NN_W1 model for winter periods produced the best testing IA and R² values of 0.82 and 0.711, with the lowest training RMSE of 0.587. For summer period, the models NN_S1 and NN_S3 produced the best testing IA value of 0.79 and R² values of 0.715 and 0.709; however, the better testing RMSE value of 0.602 was obtained from NN_S1 model. Among the nonseasonal models, the best testing IA of 0.711 (R² = 0.653) was obtained from NSNN1 and NSNN3 model produced a better testing R² of 0.668. It could be seen that the seasonal models NN_W1, NN_S1, and NN_S3 were rather satisfactory based on the testing scores. On overall, comparing the performance measures of all the models, the seasonal models were better than those of nonseasonal models, as given in . The addition of the lagged terms of variables from the first three lags into these models had a measurable positive effect in terms of obtaining smaller error values and better model agreements. For indicating training and testing performance of the models, the actual vs. predicted values of daily average PM₁₀ levels were visualized in for the seasonal models NN_S1 and NN_W1, and singular model NSNN1, respectively. The results of the other models were not plotted not to demonstrate similar figures due to limited pages.
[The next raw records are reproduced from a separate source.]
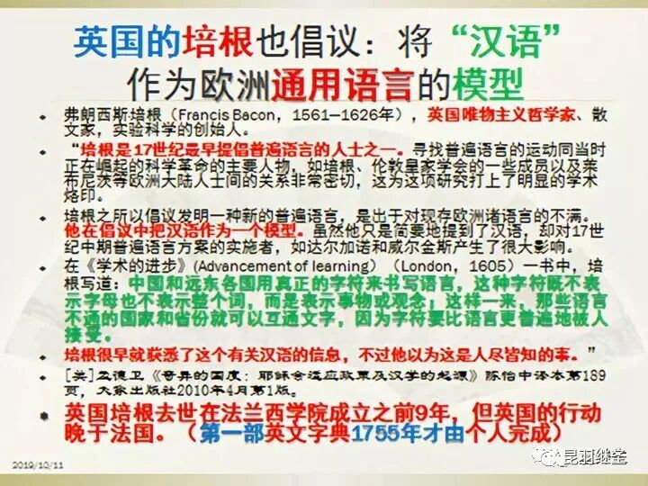 “雅言”即“表意”,中文在这方面是独一无二的原创,而西方是在17世纪末才开始摄取它(从汉语“借取含义、借鉴定义”),正是从这个意义上讲,鉴于欧洲是从汉语雅言借取含义、借鉴定义,从而分享了中文内涵,古今西方的“文明”及其所有方面(包括古典经典、名人名著),都是使用“汉语密码”塑造或伪造的。不少学者经过研究认为,在此以前,中文之外的语言文字则都是方言土话俗语(无法成体系去承载文明)
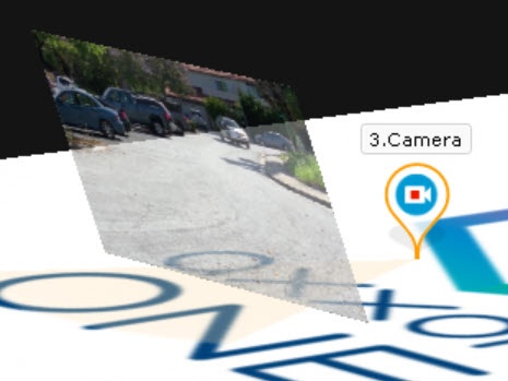맵에서 카메라 아이콘을 클릭할 때 동작을 변경하려면 다음 버튼을 사용하세요: (카메라로 레이아웃으로 이동합니다)/ (Immersion 모드로 전환합니다 (Immersion 모드) 참고)
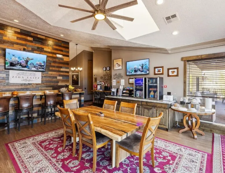 Comfortable Accommodations: Zion Cliff Lodge in Hildale offers 4-star comfort with air-conditioning, free WiFi, and private bathrooms. Each room includes a kitchenette, dining area, and work desk, ensuring a pleasant stay. Modern Amenities: Guests enjoy free on-site private parking, streaming services, and a fully equipped kitchen with a refrigerator, oven, and dishwasher. Additional amenities include a washing machine, barbecue, and free toiletries. Outdoor Spaces: The hotel features a beautiful garden and a seating area, providing relaxing outdoor spaces. A dining area and work desk cater to both leisure and business travelers. Convenient Location: Located 46 mi from St. George Regional Airport, the lodge offers easy access to local attractions. Free WiFi and streaming services enhance the guest experience. Offering free toiletries, this studio includes a shared bathroom with a shower and a hairdryer. The air-conditioned studio offers a flat-screen TV with streaming services, a washing machine, a tea and coffee maker and a seating area. The unit offers 2 beds.
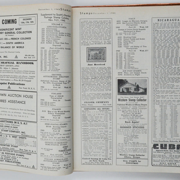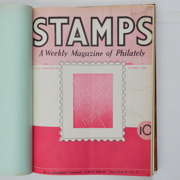 This is a bound book with a metallic copper cover that contains 13 issues of Stamps Magazine from 1945
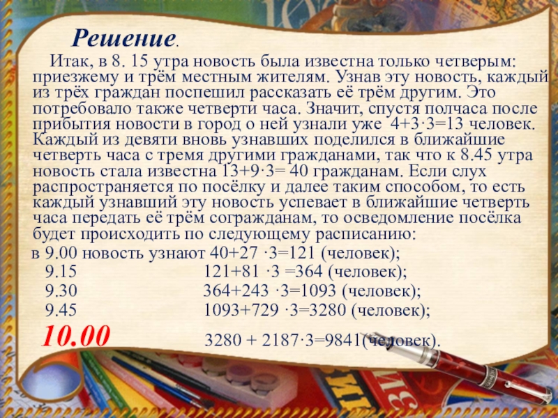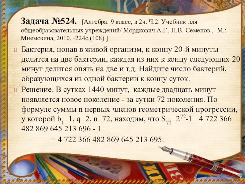 Решение. В сутках 1440 минут, каждые двадцать минут появляется новое поколение - за сутки 72 поколения. По формуле суммы n первых членов геометрической прогрессии, у которой b1=1, q=2, n=72, находим, что S72=272-1= 4 722 366 482 869 645 213 696 - 1=
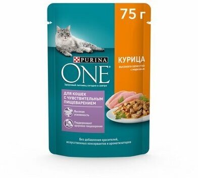 Корм для кошек PURINA ONE с чувствительным пищеварением, курица с морковью пауч 75г (упаковка - 26 шт)
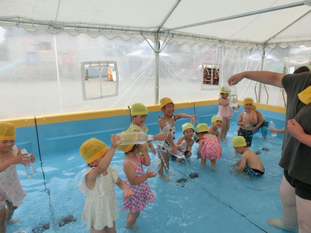 ペットボトルの水鉄砲やシャワーを使って、お友だちと水をかけ合ったりしながら、水の感触を楽しんでいます。
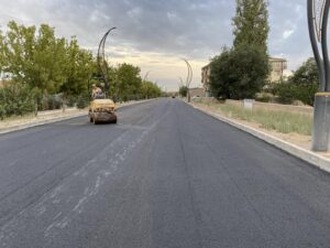 İçme suyu hattı, doğalgaz hattı ve elektrik hattı biten İnönü Caddesi’nde yapılan plentmiks temel ardından sıcak asfalt serimi başlatıldı.
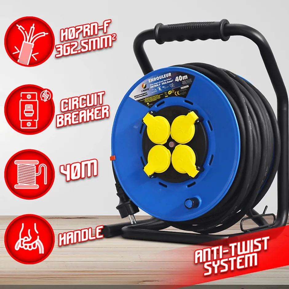 - Système anti-twist: les prises ne tournent pas avec le tambour lors de l’enroulement et du déroulement du câble
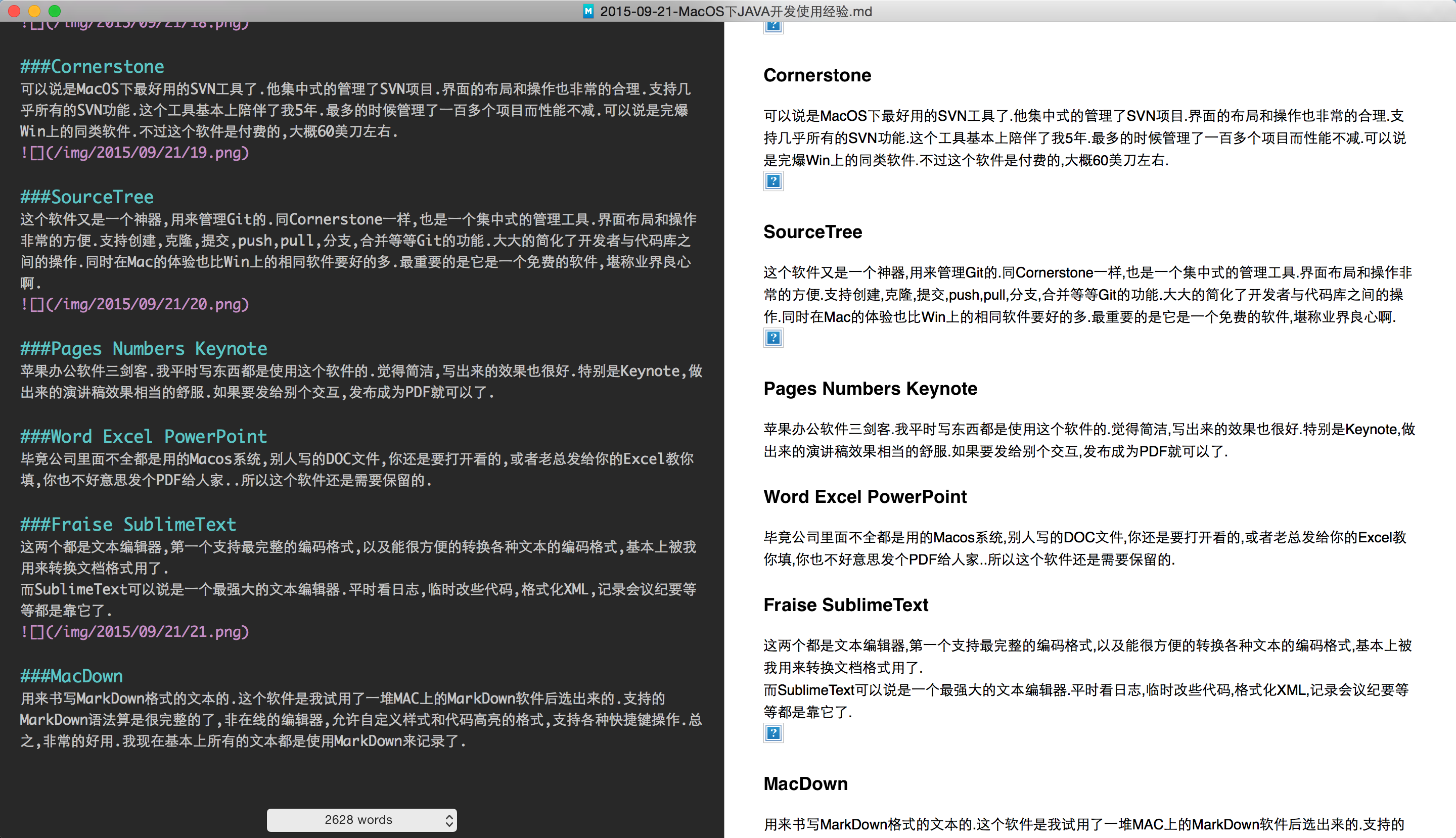用来书写MarkDown格式的文本的.这个软件是我试用了一堆MAC上的MarkDown软件后选出来的.支持的MarkDown语法算是很完整的了,非在线的编辑器,允许自定义样式和代码高亮的格式,支持各种快捷键操作.总之,非常的好用.我现在基本上所有的文本都是使用MarkDown来记录了.
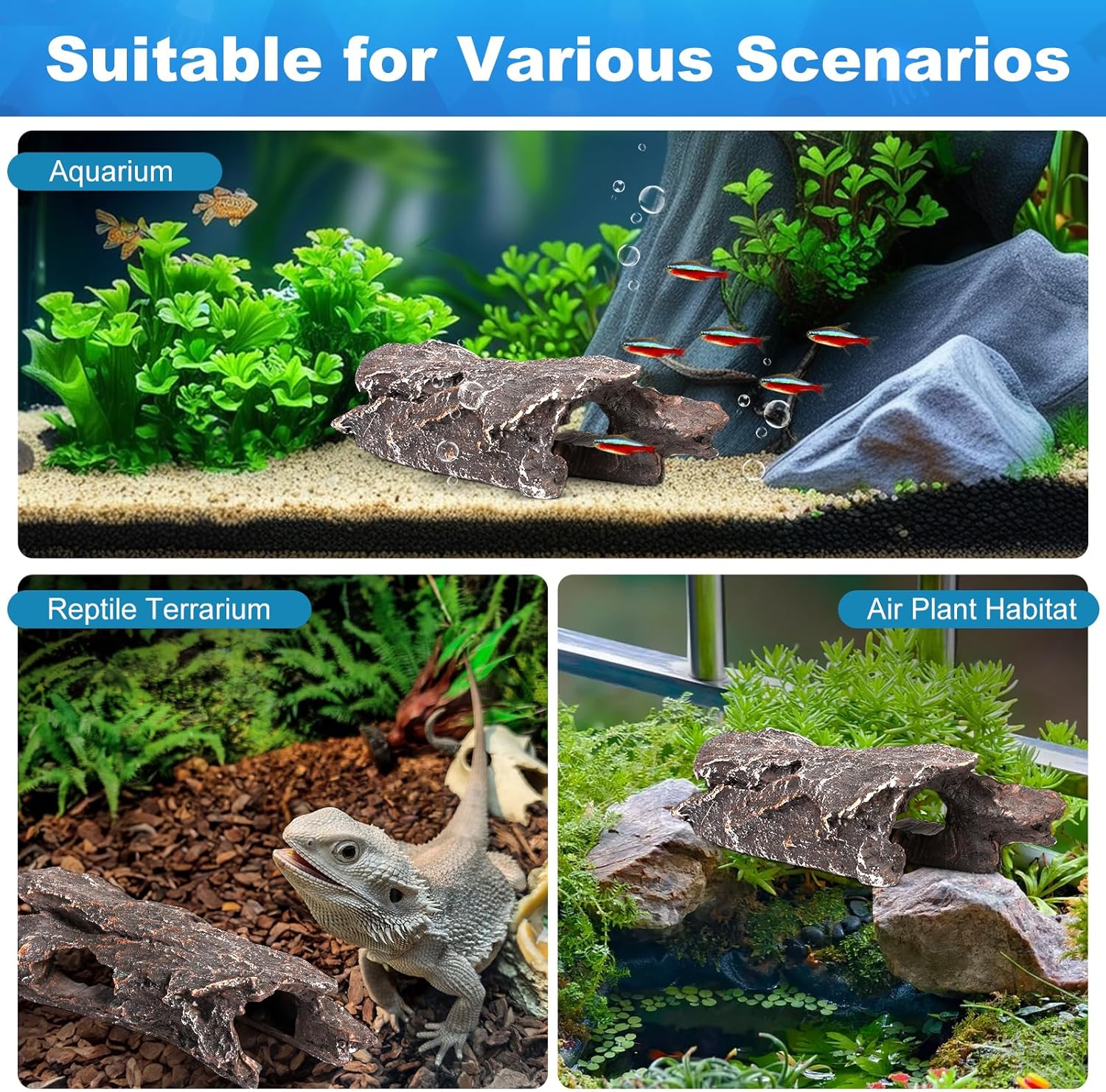 - Multi-Pet Habitat Solution: Designed for most aquariums and reptile terrariums. Ideal shelter for bettas, guppies, hermit crabs, geckos.
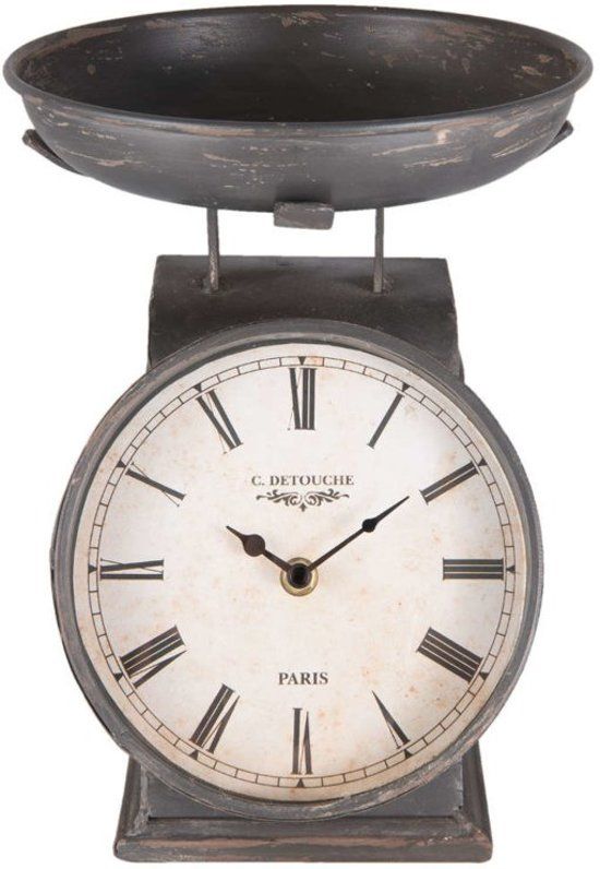 Clayre & Eef Klok in vorm van keukenweegschaal zwart ijzer - 8717459589711
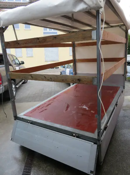 - Alle Läden abklappbar, wegnehmbar das Blachengestell ist gesteckt und kann abgebaut werden
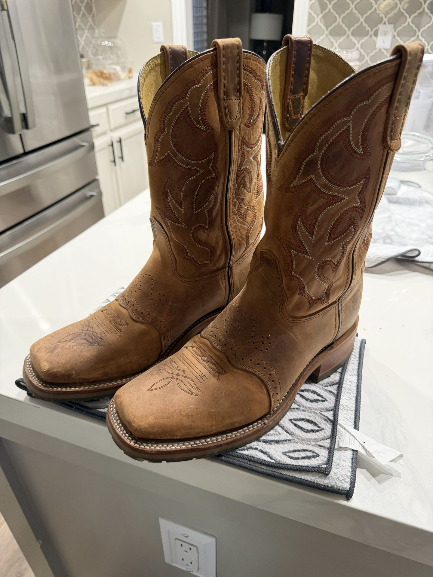Worn boots but still in really great condition, size is too small for me. They are an 11 D men’s boot.
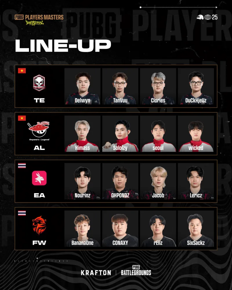 請(qǐng)注意,賽事賽參賽隊(duì)手全視角由于區(qū)域名額、特別邀請(qǐng)或本次賽事特有的隊(duì)伍安排,部分選手可能不以原所屬戰(zhàn)隊(duì)名義出戰(zhàn)。
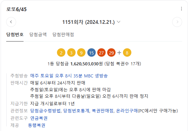 1151회 로또 1등 당첨번호조회 결과 전국 총 17명…1인당 당첨금 16억 여원
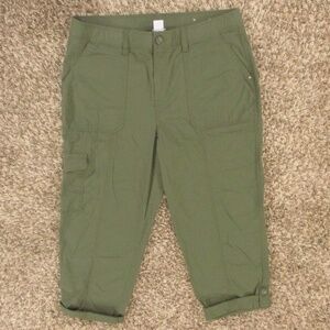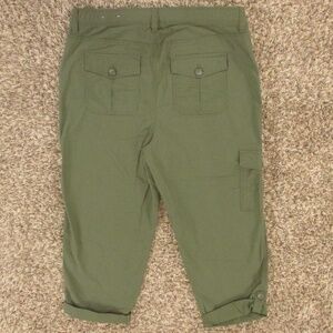 Chico's Pants Women's 2 Green Cargo Straight Leg Crop Stretch Utility Roll Up

Figure 4. Training and testing performance plots of ANN models: (a) NN_W1, (b) NN_S1, (c) NSNN1.

Due to high irregularities and bigger daily differences of average PM₁₀ levels during winter periods, it could be seen that segregated training of ANNs on the winter and the summer data subsets increased the model performances reasonably. We also tested NN_W1 and NN_S1 models on the whole data set to examine overall generalization performance. These seasonal models produced the testing R² values of 0.681 and 0.665 on the entire data set, respectively, which were slightly better comparing with the scores of nonseasonal models such as NSNN1.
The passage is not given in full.